More solid years ahead for ARLP
An income investment with some potential for higher unit prices as US coal plants stay online longer than expected
We’ve mentioned ARLP in a number of posts on TCT, and there’s been plenty of comments about the stock in the chat. We’re past due to put out a fresh analysis, so here goes. Note that there’s a good background piece on thecoaltrader.com if you want to dive deep into the technical/coal operations background on the company.
Alliance Resource Partners LP (ARLP) is an Illinois Basin (ILB) and Appalachian (APP) thermal coal producer with a long, successful track record and is run by founder Joe Craft, whose family owns ~29% of outstanding shares (including his ex-wife’s shares).

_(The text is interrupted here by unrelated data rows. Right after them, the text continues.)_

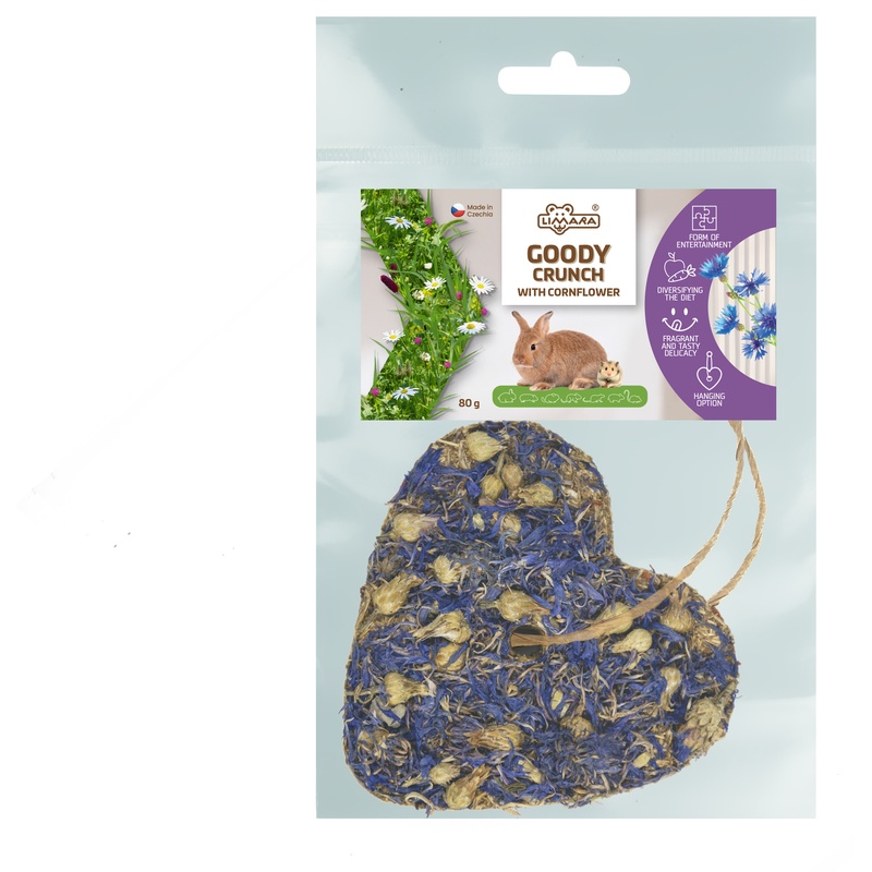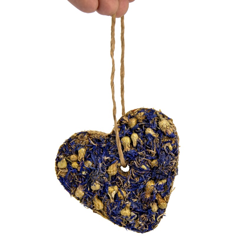 Bezobilné bylinkové srdce s chrpou poskytne králíkům a hlodavcům zdravou odměnu, zábavu a příjemné zpestření jídelníčku. Sušené květy chrpy podporují trávení, přirozené čištění organismu a zdraví močových cest. Pamlsek lze díky přírodnímu provázku zavěsit do ubikace.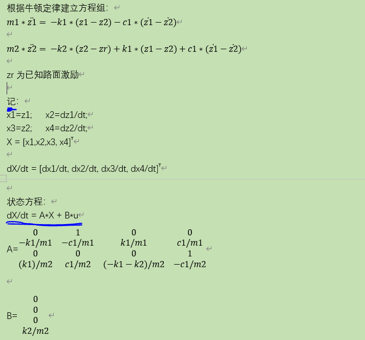 实际应用:2自由度1/4车辆悬架垂向振动模型;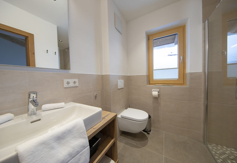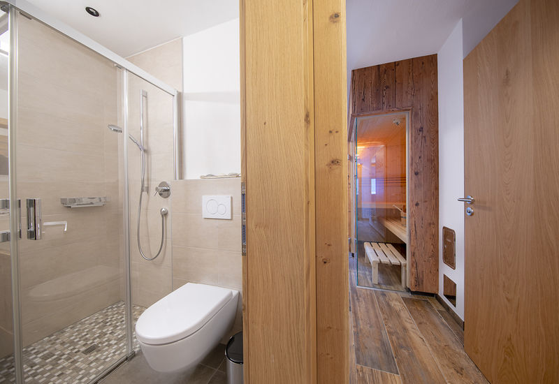 Neben dem Ruheraum mit Sauna und Relaxzone befindet sich ein zusätzliches Badezimmer (Badezimmer 1).

The company in its current form was born in 1999 when it IPO’ed as a Master Limited Partnership (MLP), and it has had a history of consistent, substantial distributions to unit holders.

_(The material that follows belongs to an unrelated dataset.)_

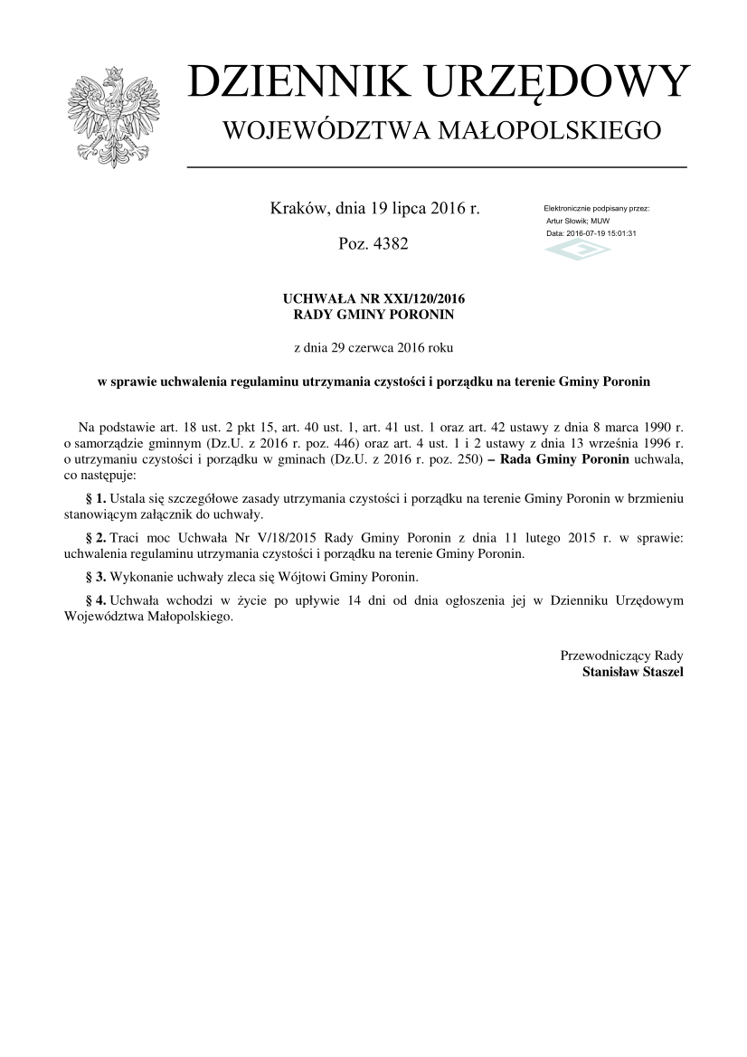 UCHWAŁA NR XXI/120/2016 RADY GMINY PORONIN z dnia 29 czerwca 2016 r.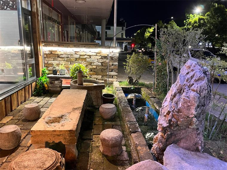 特色亮点:进店门口的一对大门是近百年的老古门原式样安装,风格独特。外墙壁是用老木板的木饰面挂靠装饰,凹凸立体感强,门口还有一口老石框手压老水井,可供来客者打卡,门口老石台是千年自然形成的化石,水浇湿石台后,虫形化石印记历历在眼前,时光回往火山千万年后造就成眼前的虫形化石即在眼前。

Since its IPO in 1999, ARLP has generated an annualized total return of >15% compared to the S&P 500's total return of 8%. Many a hedge fund manager would be happy with that performance, and it’s even more impressive that Craft pulled it off while virtually every other coal mining competitor went bankrupt over the last decade or so.
Source: YCharts.
Cumulative cash distributions since IPO are shown in the chart below. Solid distributions have been paid every year, with very few lean years.
Source: ARLP Investor Presentation, December 2024.

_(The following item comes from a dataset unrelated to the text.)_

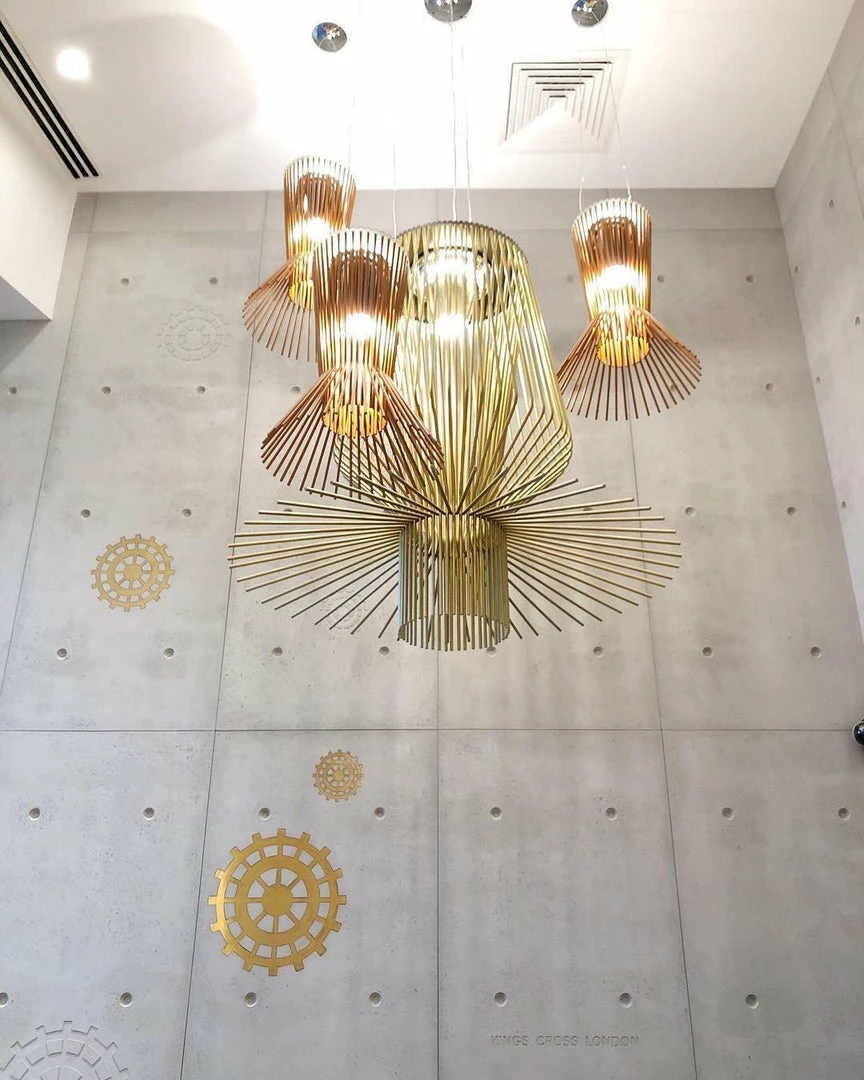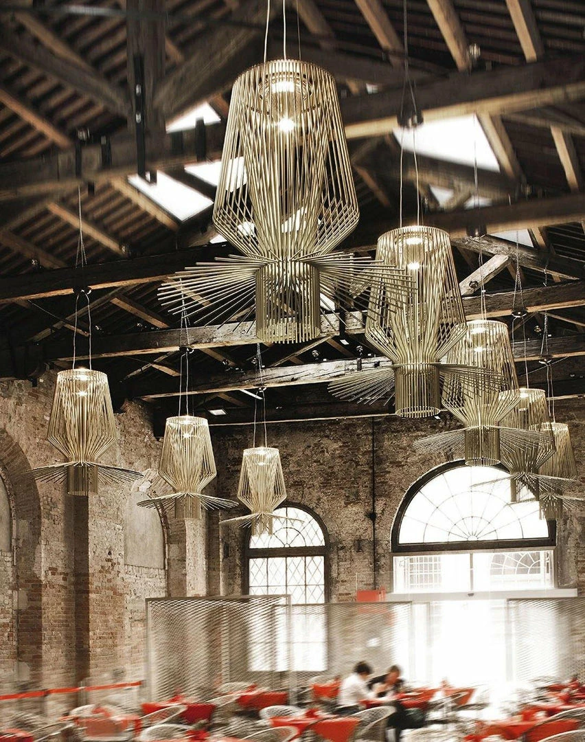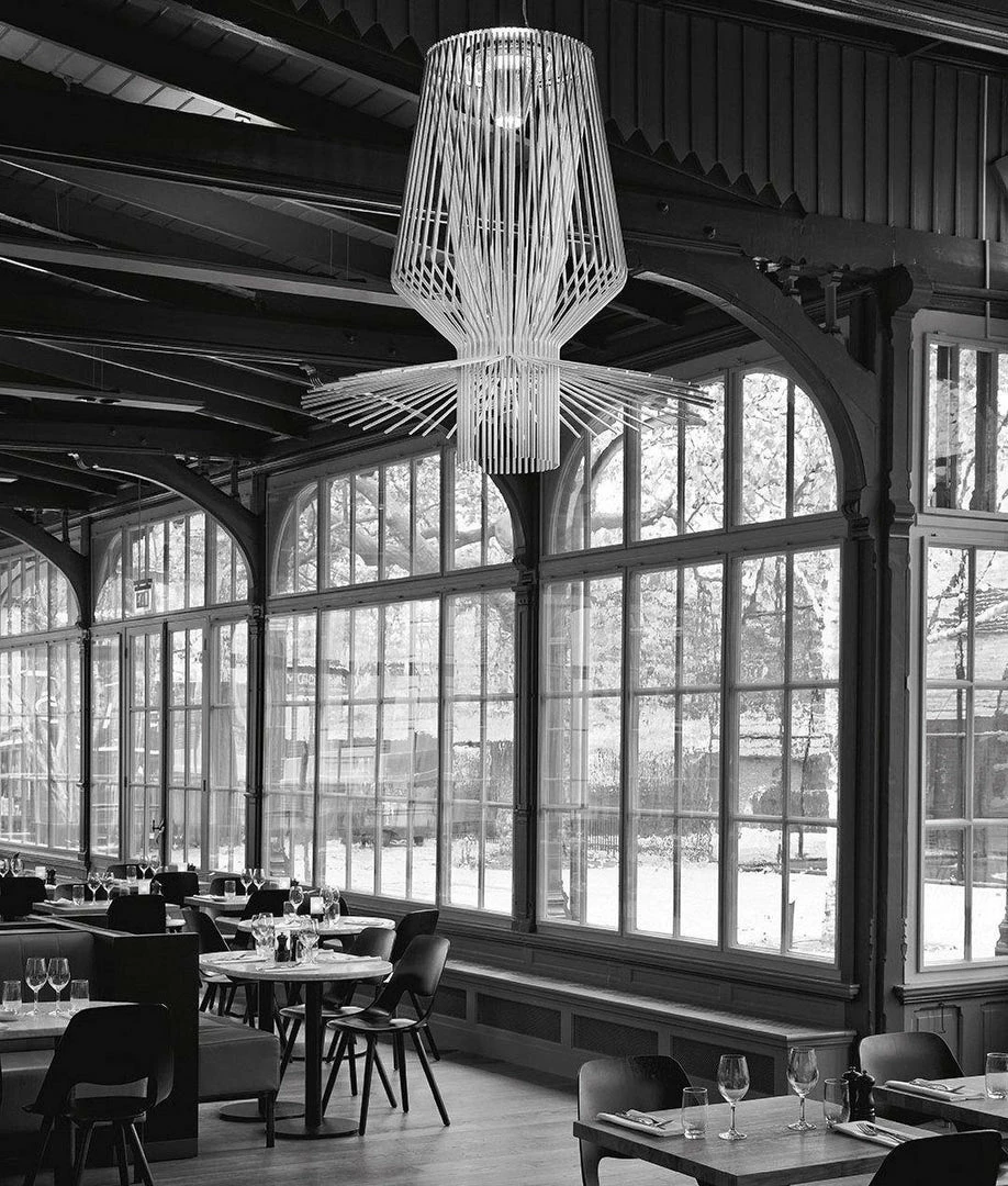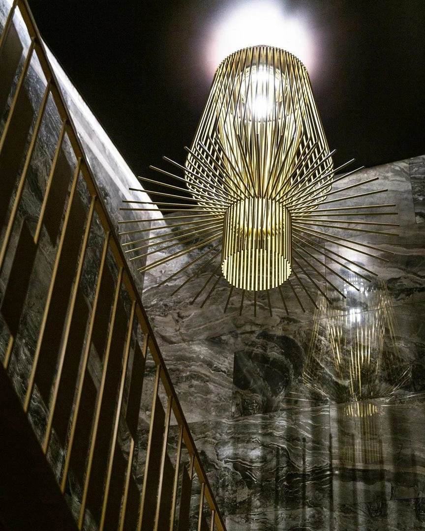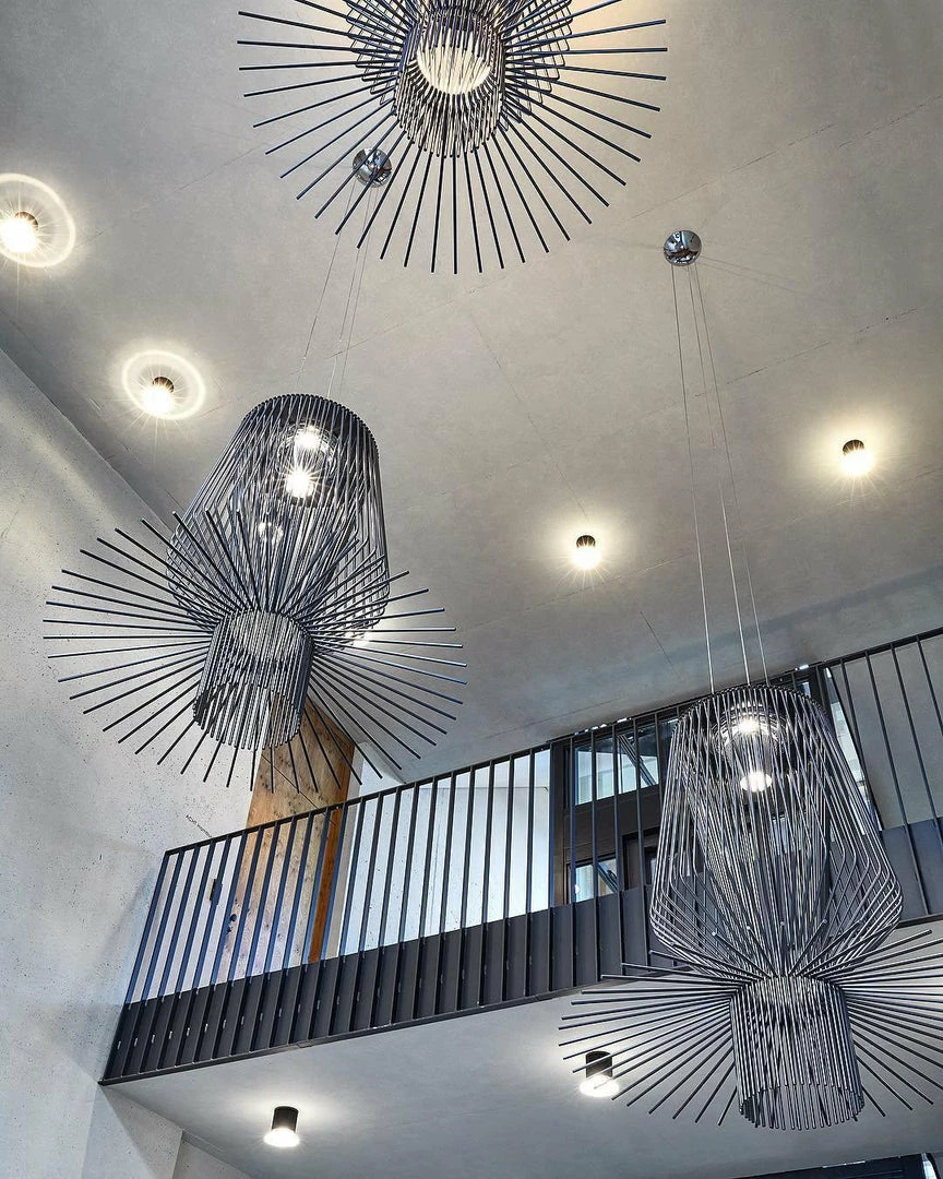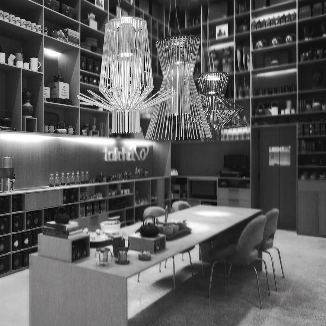 The special design of the metal elements makes it possible to obtain shapes that blend together, creating a singular aerial and almost bodiless sensation. Allegretto Ritmico, Vivace, and Assai are ideal for creating the focal point of any environment, public and private. A task achieved using different and truly original languages, materials, shapes, volumes, and colors.

Quick note on the company structure. MLP’s generally produce steady income and unitholders receive the bulk of that income through cash distributions rather than dividends. There aren’t a lot of MLP’s operating in the coal space. The largest out there is NRP, which operates a similar business model, but with a focus on met instead of thermal coal. Matt and I will get more content out on NRP soon. There was also Penn Virginia Resource Partners LP, but that went through a series of acquisitions and is now part of Energy Transfer Partners (ET).
The MLP structure means that holders of ARLP must file the somewhat-complicated form K-1 on their individual income tax returns, but there are benefits. Cash distributions are treated as a non-taxable return of capital as long as the unitholder’s tax basis remains above zero. That’s pretty helpful and especially so if you live in a high-tax district like I do.
ARLP’s current distribution yield is running at 10.65% as of the time of writing, which is much higher than the dividend yield of MLP’s in the pipeline space like Enterprise Products Partners (EPD), Energy Transfer (ET) and MPLX (MPLX), which yield in the 6-7% range.